> _EXERCISE AIM_
Go to the line with "Στη Θεία Λειτουργία" in the material below and copy from there through the line with "गंगा में स्नान", exactly. Pictures are not copied.

> _THE RECORDS_
▬▬▬▬▬▬▬▬▬▬

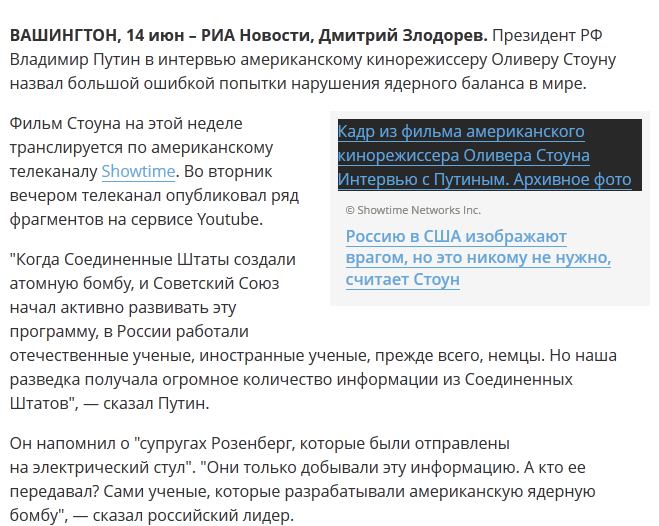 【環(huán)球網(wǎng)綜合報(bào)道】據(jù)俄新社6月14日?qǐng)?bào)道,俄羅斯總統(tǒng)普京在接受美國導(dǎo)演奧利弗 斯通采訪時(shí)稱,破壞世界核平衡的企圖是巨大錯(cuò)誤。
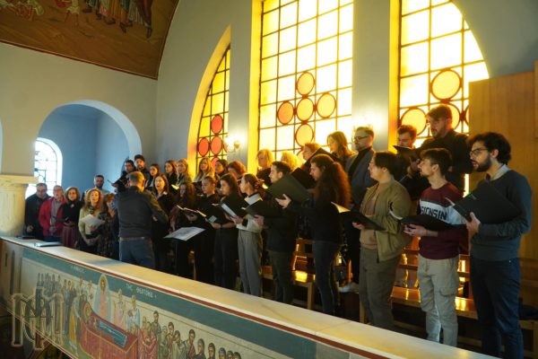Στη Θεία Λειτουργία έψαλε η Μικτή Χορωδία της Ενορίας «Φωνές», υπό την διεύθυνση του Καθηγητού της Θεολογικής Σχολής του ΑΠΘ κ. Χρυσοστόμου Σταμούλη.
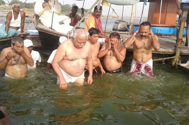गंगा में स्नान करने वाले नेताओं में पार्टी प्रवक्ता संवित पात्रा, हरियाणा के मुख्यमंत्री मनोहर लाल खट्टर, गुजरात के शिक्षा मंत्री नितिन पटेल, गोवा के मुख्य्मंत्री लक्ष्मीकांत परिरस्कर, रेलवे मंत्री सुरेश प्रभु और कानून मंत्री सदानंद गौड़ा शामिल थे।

▬▬▬▬▬▬▬▬▬▬

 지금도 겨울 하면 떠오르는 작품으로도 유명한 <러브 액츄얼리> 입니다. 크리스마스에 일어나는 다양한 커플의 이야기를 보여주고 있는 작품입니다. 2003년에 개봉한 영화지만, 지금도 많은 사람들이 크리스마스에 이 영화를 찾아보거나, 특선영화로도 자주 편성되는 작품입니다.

▬▬▬▬▬▬▬▬▬▬

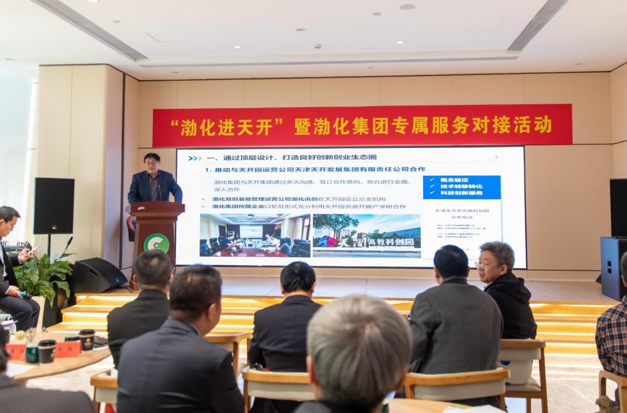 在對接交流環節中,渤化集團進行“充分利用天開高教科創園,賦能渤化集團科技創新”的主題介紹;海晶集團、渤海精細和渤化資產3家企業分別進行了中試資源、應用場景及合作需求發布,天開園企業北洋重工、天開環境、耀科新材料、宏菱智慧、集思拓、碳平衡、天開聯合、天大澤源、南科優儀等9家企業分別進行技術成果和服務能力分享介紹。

▬▬▬▬▬▬▬▬▬▬

> _COMPLETED EXERCISE_
Στη Θεία Λειτουργία έψαλε η Μικτή Χορωδία της Ενορίας «Φωνές», υπό την διεύθυνση του Καθηγητού της Θεολογικής Σχολής του ΑΠΘ κ. Χρυσοστόμου Σταμούλη.
गंगा में स्नान करने वाले नेताओं में पार्टी प्रवक्ता संवित पात्रा, हरियाणा के मुख्यमंत्री मनोहर लाल खट्टर, गुजरात के शिक्षा मंत्री नितिन पटेल, गोवा के मुख्य्मंत्री लक्ष्मीकांत परिरस्कर, रेलवे मंत्री सुरेश प्रभु और कानून मंत्री सदानंद गौड़ा शामिल थे।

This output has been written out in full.